Surge protectors and power conditioners - Good idea or bad?


Years ago, I bought added surge protectors and a power conditioner to my system, including surge protectors/ power filters to my Martin Logans.

Recently I revisited this idea and discovered that many people say to avoid the above, given it's rare to get hit by lighting and blow out your components and that both surge protectors and power conditioners can negatively impact overall sound.

Thoughts?
cdc2
Unless you live in an area which is frequented by lightning strikes or your power company executives are crooks, they are not needed.
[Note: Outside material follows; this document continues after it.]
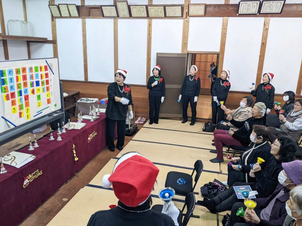 ハンドベルではみんなでベルを振ったり、懐かしい歌を歌う時間もあり、手を使った体操も教えてくださり、みなさん笑顔で楽しんでおられました。

Whole house Type II (at the panel, not the service entrance) and a large (10kVa) iso transformer with additional surge protection that feeds the sub panel for the system. Texas can get some big-assed storms, though Austin seems to be in a semi-protected pocket; still, the intensity of some of these storms is quite impressive (and somewhat scary) even when we are on the edge of them.
Back east, NY metro, north of the city along the Hudson, the infrastructure was really dated and we'd lose power even in a mild storm. 
The surge protectors won't do anything for brownouts (voltage drops) but I'm generally aware of the state of the grid here and when it gets to be 110F, I am less likely to play the system. Of course, my faith in the robustness of the grid here in Texas was put to the test during the recent ice storm that caused us to lose power for 4.5 days in bitter cold weather. 
The cost of whole house is well worth it; you don't need to buy the uber audiophile one, but can rely on units using MOVs. They'll degrade and you replace them. Obviously, with a direct strike, all bets are off. One started a fire and burned out a fairly large commercial/residental building in the adjacent town to us along the Hudson. I met a guy who got hit a decade before; he got up after the event and finished work. He later went home, where his wife discovered the bottoms of his feet were scorched. He progressively lost heart tissue and at the time I met him, was going through medical procedures in anticipation of a heart transplant. I think a healthy respect for those bolts from the sky is sensible. I used to unplug my main system during electrical storms back east. 
When I built my Bob Latino amp, the instructions explicitly said to not attach the amplifier to a power conditioner. I didn't quite understand the explanation, but leads me to believe that it is not an entirely neutral thing to add to your power. 
I live on a hill near a larger hill that often stops rainstorms.
The house is tall and has a lightning conductor running from the top of the roof down to an earth rod.
Lightning will always take the shortest/easiest route to ground so it goes that way and doesn't impact any of my electrical installations or cause any fire.
I live in an older, poorly grounded home in old suburb with an overloaded grid. I have most of my equipment hooked to power conditioners, except my amp. I based this decision on advice from electronic "experts" that certainly know more than I do. I don't hear any difference from when the equipment wasn't hooked to power conditioners.

That being said, my televisions do have less artifacts in low light scenes, now that they are hooked up to power conditioners. I also saw some general improvement in the overall picture quality.